Convém referir, até porque falamos nisso enquanto escrevo, que a Mauritânia é linda! A paisagem varia radicalmente de norte a sul e à medida que vamos descendo vamo-nos apercebendo que estamos mais próximos do coração africano. As dunas ficaram lá atrás e a sua areia deixou-nos os tripés a ranger sempre que são operados – mas as imagens, asseguro-vos, valeram a pena. Agora vemos pela frente planícies rasgadas por singulares montanhas, a terra está mais escura e avermelhada e é fácil encontrar o que parecem ser rochas ferrosas relativamente grandes, vegetação esporádica e pessoas simpáticas apesar de receosas com a nossa presença. Já paramos várias vezes na estrada para perguntar direcções, oferecer umas roupinhas à canalha e sacar uns “shots” com as câmaras em locais remotos, já fomos convidados a entrar em tenda alheia, mas também já tivemos que dizer nãos menos sorridentes. O Mandinho está um profissional do tripé e eu e o Ricardo já temos o olho mais aguçado para o que é realmente importante ou redundante registar. Agora que estamos a ficar ambientados ao clima, às paisagens e às gentes lembramo-nos que daqui a dois dias estamos novamente noutro país e tudo recomeça. Comemos sempre bem, apesar de nem sempre o fazermos a horas e os banhos têm sido com regularidade intermitente - dois até à data. Estamos no Sul da Mauritânia a caminho de Nioro, já no Mali. Quando lerem isto já deveremos estar no Mali à procura do visto para a Guiné Conakry, nosso primeiro destino, ou, quem sabe, já às portas do mesmo. Temos andado pouco em comparação com o que gostaríamos de andar, mas estamos adiantados em relação às previsões que fizemos em Portugal. Temos saudades, mas não queremos pensar muito nisso, porque ainda nos falta muita estrada, muita malga de cereais e muitos pratos tradicionais pelo caminho, mas seguramente estamos cheios de força e cada vez mais fortes para o que ainda nos espera!

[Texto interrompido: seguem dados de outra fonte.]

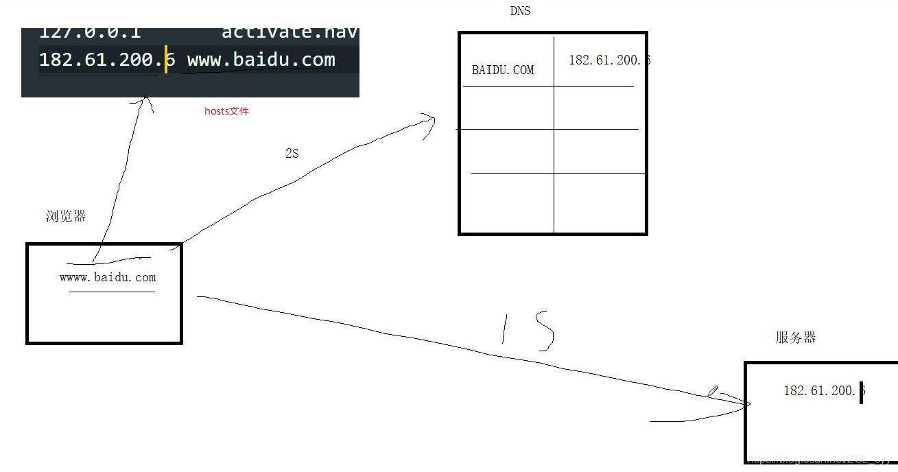 1.在host配置的文件先进行访问之后到DNS服务器寻找然后解析ip地址

Para Portugal enviamos beijos, abraços e sorrisos
mais morenos e mais suados, mas também muito mais intensos....




Texto: Nuno Ribeiro
Fotos: Ricardo Leal
Assistente de câmaras: Armando Santos

6 comentários:

Kike Wualla disse...

lindas as fotos tá mesmo de mais.

Ke tal tem funcionado ai o sistema de 220V???

Continuem com essa força ke temos todos tb muitas saudades.

Akele abraço forte e beijinhos pro mandinho do KIKEWULLA lol.

hasta

álma aérea disse...

"(apesar de nenhum de nós se lembrar muito bem da ultima vodka que bebeu na vida)." quem não souber que vos compre!

estava ansioso por essas aventura, agr é que a viagem começou.

Os indianas jones na babilónia africana. Acho que mais do que um livro de sobrevivência devia ter dado um dicionário de francês.... enfim.

continuação!

peace

anitA disse...

as vossas fotos inspiram tanta kalma e kalor k so apetece partir rumo ao deserto e ao kalor humano africano
boa viagem k tudo seja concretizado e que o documentário vos guie *

Carochinha disse...

Adorei o texto, amei as fotos!
Beijinhos*boa sorte*boa viagem

maf disse...

:) Sem palavras...Continuem a descrever o resto da vossa aventura com a mesma intensidade apaixonada como têm feito até agora!Por aqui deliciamo-nos a participar, ainda que infimamente, nesse sonho...pelo menos as cores, os cheiros...é fácil fácil sentir através das magnificas fotos e dos textos deliciosos!:)
Obrigada pela partilha! Continuação de uma Boa Viagem!
Beijos para todos mas um especial para o amigo Leal!:)
Mafalda (a desesperar com o relatório!!!)

Anónimo disse...

Parabéns, porque para além da coragem, estão a passar claramente as sensações que se podem viver por aí...
Obrigada por partilharem connosco... MESMO!!
Beijinhos para os três, mas o maior para o meu amigo Nhuno!